In speculating about other reasons why there might be so many misdiagnoses, the researchers say that it could be due to overly simplified application of criteria listed in the Diagnostic Statistical Manual of Mental Disorders, a standard guide to the diagnosis of psychiatric disorders.

“Electronic medical record systems, which often use pull-down diagnostic menus, increase the likelihood of this type of error,” says Margolis, who refers to the problem as “checklist psychiatry.”

“The big take-home message from our study is that careful consultative services by experts are important and likely underutilized in psychiatry,” says Margolis. “Just as a primary care clinician would refer a patient with possible cancer to an oncologist or a patient with possible heart disease to a cardiologist, it’s important for general mental health practitioners to get a second opinion from a psychiatry specialty clinic like ours for patients with confusing, complicated, or severe conditions. This may minimize the possibility that a symptom will be missed or overinterpreted.”

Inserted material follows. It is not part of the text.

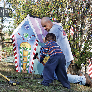 He and his wife, Bobbie, begin putting up lights for both houses in the middle of September. His two daughters, Katelyn, 13, and Chelsea, 15, also help out. “A week or two before we put them up we will pull things out and fix them,” he says. “Our back room is the Christmas hospital where we do repairs.”

Margolis cautioned that the study was limited to patients evaluated in one clinic. Nonetheless, he was encouraged by the willingness of so many patients, their families, and their clinicians to ask for a second opinion from the Johns Hopkins clinic. If further study confirms their findings, it would lend support to the belief by the Johns Hopkins team that overdiagnosis may be a national problem, because they see patients from across the country who travel to Johns Hopkins for an opinion. They hope to examine the experience of other specialty consultation clinics in the future.

Chelsey Coulter of the University of Pittsburgh is also an author on the study. The study was funded in part by the ABCD Charitable Trust. Margolis receives grant support from Teva Pharmaceuticals for an unrelated project.